Listen

Description

When a user interacts with an application to order a ride with a ridesharing app, the data for that user interaction is written to a “transactional” database. A transactional database is a database where specific rows need to be written to and read from quickly and consistently.
Speed and consistency are important for applications like a user ordering a car, and riding around in that car, because the user’s client is frequently communicating with the database to update their session. Other applications of a transactional database would include a database that backs a messaging system, a banking application, or document editing software.
The data from a transactional database is often reused in “analytic” databases. An analytic database can be used for performing large scale analysis, aggregations, averages, and other data science queries.
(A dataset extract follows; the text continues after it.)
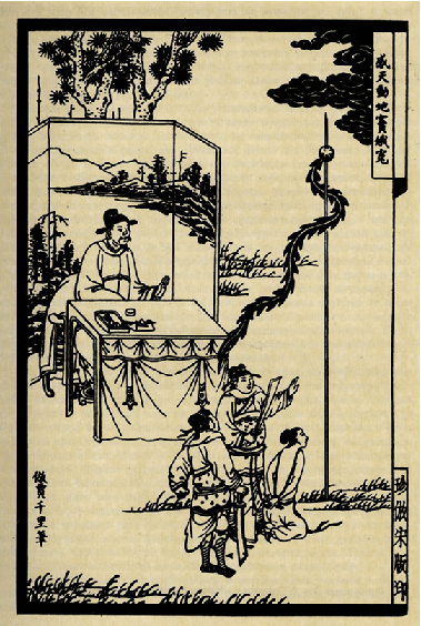 Сцена казни Доу Э. Гравюра в 'Изборнике юаньских драм'. 1617 г.

The requirements for an analytic database are different from a transactional database because the data is not being used for an active user session. To fill the data in an analytic database, the transactional data gets copied from the transactional database in a process called ETL.
The separation of the transaction data store from the analytic data store causes problems for data engineering. To address these problems, some newer databases combine transactional and analytic functionality in the same database. These databases are often called “NewSQL”.
TiDB is an open source database built on RocksDB and Kubernetes. TiDB is widely used in China by high volume applications such as bike sharing and massively multiplayer online games. Kevin Xu works at PingCAP, a company built around TiDB. He joins the show to talk about modern databases, distributed systems, and the architecture for TiDB.